Dearest Collectors,
Warning: Before I launch into my latest bout of ruminations, I want to caution you that I will be discussing depression and mental wellness in this article, including a brief mention of suicidal thoughts. If that doesn’t suit your fancy, I suggest returning to our main page and finding another article more to your tastes. I also want it to be known that I am not a mental health professional, and while I can empathize and offer a supporting shoulder if you think you have SAD or another form of disorder, I do urge you to speak with a doctor or therapist who has had proper training about your emotional and mental health.
That said, let’s talk about the holiday blues.
S.A.D.
The ‘holiday spirit’ has never come easy to me. When Halloween is done, and the world turns to Christmas lights and carols in every store, I tend to withdraw. I prefer solitude, I find it more difficult to wake up in the morning, and I rotate between eating too much and too little. I’ve been like this for years, since my early teens, and every year my family will tease me about my ‘holiday blues’ or call me a ‘Grinch.’
I thought I just didn’t try hard enough to like the holidays, so I over-compensated by buying more presents, making more cookies, and watching more Christmas films. I thought it would cure my lack of holiday cheer, but nothing quite got rid of that lingering emptiness that started in the fall and stayed until after my birthday in February. For over a decade, I just assumed that I wasn’t embracing the holidays fully, and that I just didn’t care enough about my birthday because I didn’t want to celebrate. Every year, it got a little bit worse, and at my lowest point, during one bleak January, I seriously contemplated suicide.
And then I learned about S.A.D. Seasonal Affective Disorder.
According to the Mayo Clinic, S.A.D. is a “a type of depression that’s related to changes in seasons — SAD begins and ends at about the same times every year.” Most commonly, people are affected during the winter months, and most often if they live far away from the equator. However, this doesn’t mean that people who live in warm, mild-tempered climates like me are immune. S.A.D. can affect anyone, but not everyone knows what to look for and brush it off, as my family did, as “holiday blues.”

It took me quite a few years to figure out that I was probably one of the people who yearly faced S.A.D. I was 21, and I had just returned from a year abroad in France, and that winter in Europe was one of the roughest that I’ve ever had because there were months when the mountain I lived on was covered in gloom and fog, and the weather was so miserable that my mood reflected it. I was describing this to a friend, who told me that it sounded like I was affected by S.A.D. I set to researching about it, and the next year as I was back home, when the California sunshine slipped away to fog and rain, I kept track of my mood changes, and paid attention to the patterns of my emotional stability. The next spring, I met with my doctor and explained to him what I’d experienced and my suspicions, and the next fall, I went into the colder seasons more prepared for the change in mentality that I knew I was going to experience sometimes.
There are many reasons why S.A.D. happens, but probably the most simple explanation is just that humans need sunlight to thrive. There’s a reason we describe the weather as “gloomy”, after all.

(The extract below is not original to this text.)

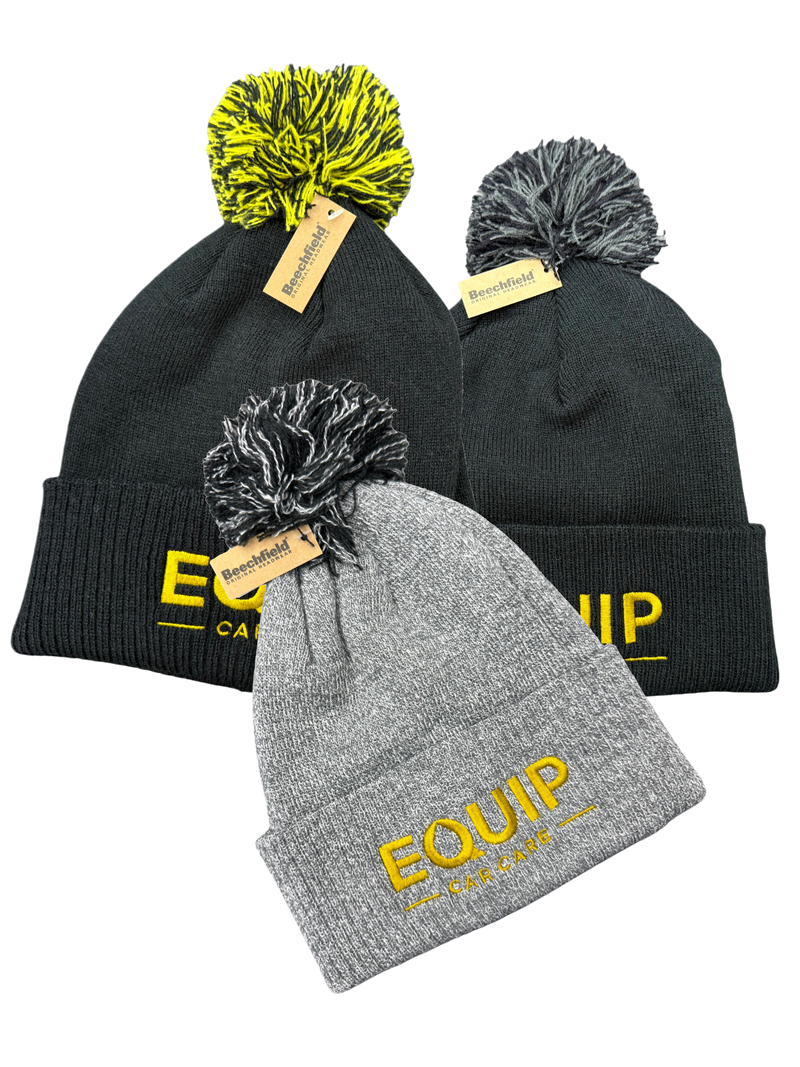 The perfect car cleaning accessory for cold days! Stay warm, stylish, and unmistakably premium with the Equip Beanie Bobble Hat. Designed for comfort and crafted with quality in mind, this beanie is ideal for chilly days, outdoor adventures, or simply elevating your casual look. Each hat features a playful bobble on top and an embroidered gold Equip logo, blending classic style with modern branding.

If you’re S.A.D., talk about it.
I come from a community and family that ignores the ‘invisible illnesses’ such as Seasonal Affective Disorder, and my mother’s advice to ‘pray about it’ didn’t do much to lessen the effects of depression. I am lucky that I had friends who recognized my struggle and gave me the support I needed (they still do).
There are quite a few ways to manage S.A.D. Some people spend more time outdoors in the sunlight, some exercise more, some focus more on their hobbies, and other seek professional help. Me? Every year, when the Christmas lights go up, I make a choice: I’m going to make it to next Christmas. I wake up every day, make that choice, and it helps on the really bad days. On my doctor’s recommendation, I also need to spend more time in the sun, so I walk, I open the blinds in my office, and I try to be more active during the daytime. Some days are still a struggle, and when those days come, I find someone to talk to.
I know this is a bit of a somber topic to write about so close to the holidays, but I figure that there’s at least one person like me, dreading the holidays every year, making sorry excuses to ditch out of social responsibilities, and wasting too many hours staring at a blank ceiling. I know what’s it’s like to be behind a closed door, simultaneously achingly lonely yet also craving solitude. That hollow feeling you have right in the center of your chest? It might be more than you being a bit short on holiday cheer.
Soon, we’ll be ringing in a New Year, but if you think that you may be experiencing S.A.D. I encourage you to make a resolution to find help before 2019. It is said that around 10 million people in the U.S. are affected, and even more around the world, so even though it may feel like it: you are not alone.